25% [============================> ] 83,599,360 79.7MB/s

[root@kubevirt-alosadag-nested ~]# kubectl logs -f importer-fedora-raw-7rcn4 I1016 15:20:04.023948 1 importer.go:51] Starting importer I1016 15:20:04.026081 1 importer.go:107] begin import process I1016 15:20:04.541594 1 data-processor.go:252] Calculating available size I1016 15:20:04.547326 1 data-processor.go:260] Checking out file system volume size. I1016 15:20:04.547365 1 data-processor.go:264] Request image size not empty. I1016 15:20:04.547386 1 data-processor.go:269] Target size 4Gi. I1016 15:20:04.651261 1 data-processor.go:182] New phase: TransferDataFile I1016 15:20:04.655395 1 util.go:169] Writing data... I1016 15:20:05.652914 1 prometheus.go:67] 0.20 I1016 15:20:06.653721 1 prometheus.go:67] 0.21 I1016 15:20:07.653875 1 prometheus.go:67] 0.94 I1016 15:20:08.654779 1 prometheus.go:67] 1.80 I1016 15:20:09.654980 1 prometheus.go:67] 2.60 I1016 15:20:10.655130 1 prometheus.go:67] 3.43 I1016 15:20:11.655695 1 prometheus.go:67] 4.27 I1016 15:20:12.655873 1 prometheus.go:67] 5.18 I1016 15:20:13.656027 1 prometheus.go:67] 6.07 I1016 15:20:14.656201 1 prometheus.go:67] 6.93 I1016 15:20:15.656774 1 prometheus.go:67] 7.83 I1016 15:20:16.656947 1 prometheus.go:67] 8.76 I1016 15:20:17.657130 1 prometheus.go:67] 9.59 I1016 15:20:18.657303 1 prometheus.go:67] 10.58 I1016 15:20:19.657458 1 prometheus.go:67] 11.54

mhenriks commented 4 years ago

I do not think it is a retry issue. It is been running all day trying with multiple Fedora qcow2 images and none has been imported successfully.

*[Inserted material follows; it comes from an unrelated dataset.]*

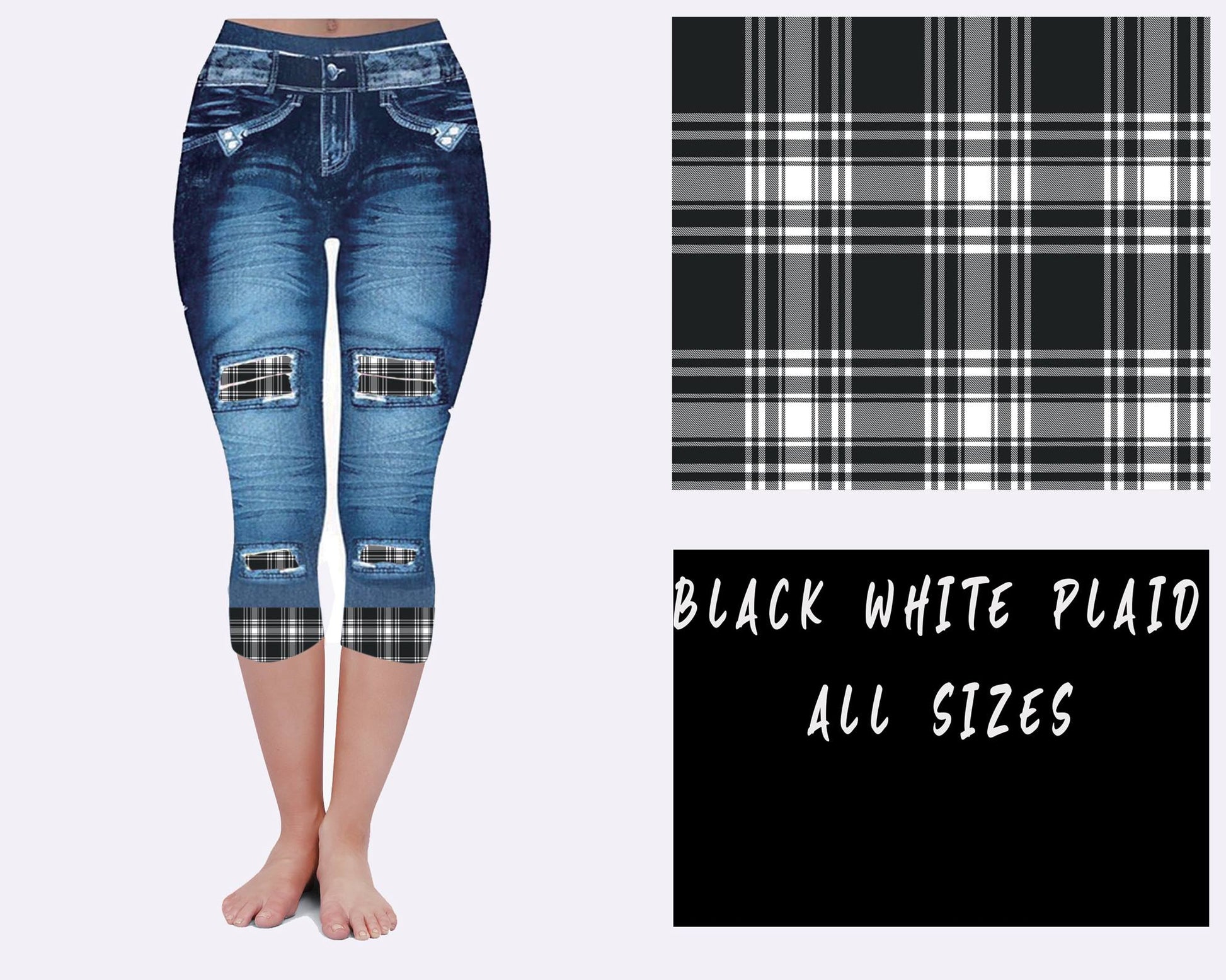 Black & White Plaid Blue Faux Denim Capri Leggings with Back Pockets (GC)

The issue is that download.fedoraproject.org is redirecting to a URL that that is returning 404. From the log above:

qemu-img: curl: The requested URL returned error: 404 Not Found

The only way to deal with that is by retrying.

It may seem remarkable that you are having success with wget while CDI fails. But unless there is evidence of CDI not retrying or CDI fails without 404 Not Found in the log, I'm not sure what we can do here.

alosadagrande commented 4 years ago

Understand that, I cannot say there is an issue with CDI, it can be in GCP, Anyway, I was looking for some ideas to look at.

On the other side, if you take a look at the output here the Fedora qcow2 image is being downloaded, at least it reached 1% before returning 404. So there is at least an established connection. What is weird, and that's why opened the issue is why is it not happening with raw images?

mhenriks commented 4 years ago

@alosadagrande in this case (importing qcow2 http file) qemu-img is converting the file to raw on the fly so it will open multiple connections and seeks to arbitrary offsets. So it is possible that some requests get redirected to bad urls and some don't. If you want to dig into these failures a little more closely, maybe take CDI out of the picture and run the following locally.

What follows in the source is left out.